His bold activism against the Nazi regime saw him flee when it was clear his life was endangered, along with his colleagues, and he settled in both France and Spain before returning to France after being duped into accepting two Jewish people who fled from Berlin. These two men were instead the Gestapo who arrested him and transferred him to Berlin where he was imprisoned and sentenced to death. His interrogation transcripts reveal how he deemed Nazism and Roman Catholicism to be incompatible, and his strong adherence to his faith prompted Heinrich Himmler and others to refuse the return of his remains for it would result in veneration and silent rebellion.

The beatification process for the late priest culminated after Pope John Paul II beatified him on 24 November 1996 in Saint Peter's Square.

==Life==
Jakob Gapp was born on 26 July 1897 in Wattens as the seventh child to Martin Gapp and Antonia Wach; he received his baptism on 27 July in the local parish church of Saint Lawrence. His niece was Marianne Oberauer. He received a basic education in his hometown and in 1910 entered the high school that the Order of Friars Minor ran at Hall.

He served as a soldier on the Italian front from May 1915 until 1916 when he was wounded during a battle; he received the Silver Medal of Courage Second Class as a result of his actions on the battlefield. On 4 November 1918 he became a prisoner of war in Riva del Garda and was later released from his internment on 18 August 1919, but became a prisoner of war due to a miscommunication on the ceasefire agreement that was to commence 5 November but never did. Gapp later entered the Marianists at Greisinghof on 13 August 1920 for a formation program and began his novitiate on 26 September before being assigned to Graz as a teacher and sacristan from 1921 until 1925. He joined that order after learning about them from a relative. He made his profession in Antony in France on 27 August 1925. He began his studies for the priesthood in September 1925 at Fribourg in Switzerland and was ordained a priest by Bishop Marius Besson at the Saint Nicholas Cathedral in Fribourg on 5 April 1930.

The new priest served as a teacher and chaplain at several Marianist schools until 1938. He often gave up his own heating coal to the poor and collected food and other necessities for them. He preached against the errors of Nazism and how it was incompatible with fundamental Christian ethics; he called it "irreconcilable with the Catholic faith". Gapp was forced to flee Graz in March 1938 when German troops entered into Austria. Gapp's superiors sent him to Tyrol in September 1938 and served as an assistant pastor at Breitenwang-Reutte until October 1938 when the Gestapo ordered him not to teach religion. He refused to wear a swastika badge and to greet people with the "Heil Hitler" out of conscience, and once in public rebuked a fellow teacher who told students to "hate and kill Czechs and Jews".

Gapp also taught his students that love for all people irrespective of race or religion was crucial and taught that people ought to be worshipping God and not Adolf Hitler; this got him suspended.
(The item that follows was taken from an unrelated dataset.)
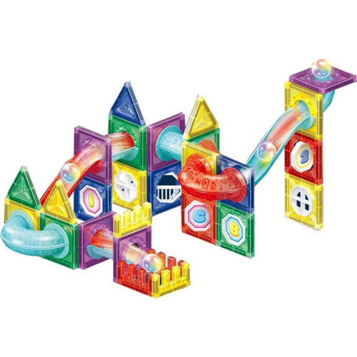 Set, parçalar arasında bir bağlantı sağlayan, böylece çocukların yarattığı modelleri destekleyen ve ayrılmalarını önleyen bir dizi manyetik kare parçanın yanı sıra başka şekiller de içerir. Bu oyun türü uygulamalı inşa deneyimi sunarken temel becerilerin geliştirilmesine de katkıda bulunur. Parçaları farklı şekillerde dizayn ederek topu dilediğiniz gibi yönlendirebilirsiniz. Bazı kulelerde topun aşağı yuvarlanmasını sağlayan rampalar da mevcuttur. Topu yönlendirirken rampalardan yardım alabilirsiniz. Ürün ile birlikte verilen toplar, harekete geçtiklerinde parlayan ve büyüleyici bir görsel gösteri sunan bir aydınlatma mekanizmasıyla donatılmıştır.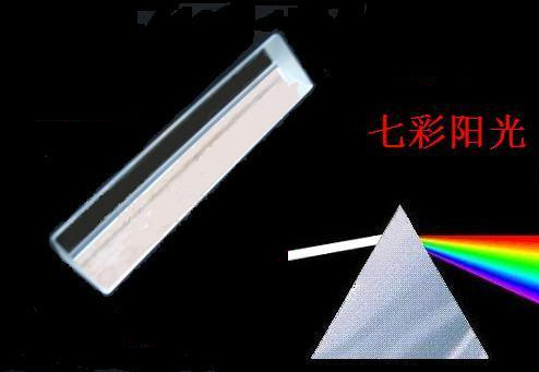 使用方法:将三棱镜放在太阳下或用一束白光,通过转动三棱镜使光照在一个平面上(三个平面哪一个都可以),在墙上就会出现彩虹般的七种颜色(红橙黄绿青蓝紫)。

On 11 December 1938 he gave a sermon in which he defended Pope Pius XI from Nazi smears and directed the faithful to read Christian literature and not that which the Nazis propagated; one such document he directed others to and spoke about was Mit brennender Sorge that Pius XI issued in 1937. In January 1939 he was advised to flee Austria, and travelled to Bordeaux in France where he worked as both a chaplain and librarian. In May 1939 he headed for Spain and served at Marianist communities in Valencia as well as Cádiz and San Sebastian. While in Valencia in 1942 he went to the British consulate hoping to gain a visa to go to England but this attempt failed. He settled for reading British newspapers like The Tablet in order to find uncensored news that would tell him the truth about World War II, and he learned of the Holocaust genocide.

But Gapp was never free from the Nazis. The Gestapo followed his movements and in 1942 devised a plot to draw Gapp out from Spain into their arms along the French border. He received word of two Jewish males who fled from Berlin and were at the French border desiring his assistance after learning of him. Gapp further learned these two were brothers who wanted baptism, and so he left Spain to retrieve them. The three went on a picnic close to the border where he found that the two were not Jews but disguised Nazis who abducted him and arrested him in Hendaye on 9 November 1942; he was then sent to Berlin for incarceration. It was decided that he would not be sent to the Dachau concentration camp because Gapp was seen to be dangerous to the extent where he needed special surveillance. His resolve while being interrogated prompted Heinrich Himmler to review all interrogation transcripts and even comment on his steadfast dedication to Catholicism. Himmler said if the Nazis had one Gapp dedicated to the cause as the priest was to the faith the Nazis would have won the war at that stage. On 2 July 1943 he was condemned to death for speaking out against the Third Reich in a two-hour court session and was remanded pending his formal execution – the judgment was condemning: "He will forever be without honor". The burial of his remains was also denied during those proceedings for the Nazis feared that he would be venerated and his grave site would become the site of rebellion and silent demonstration.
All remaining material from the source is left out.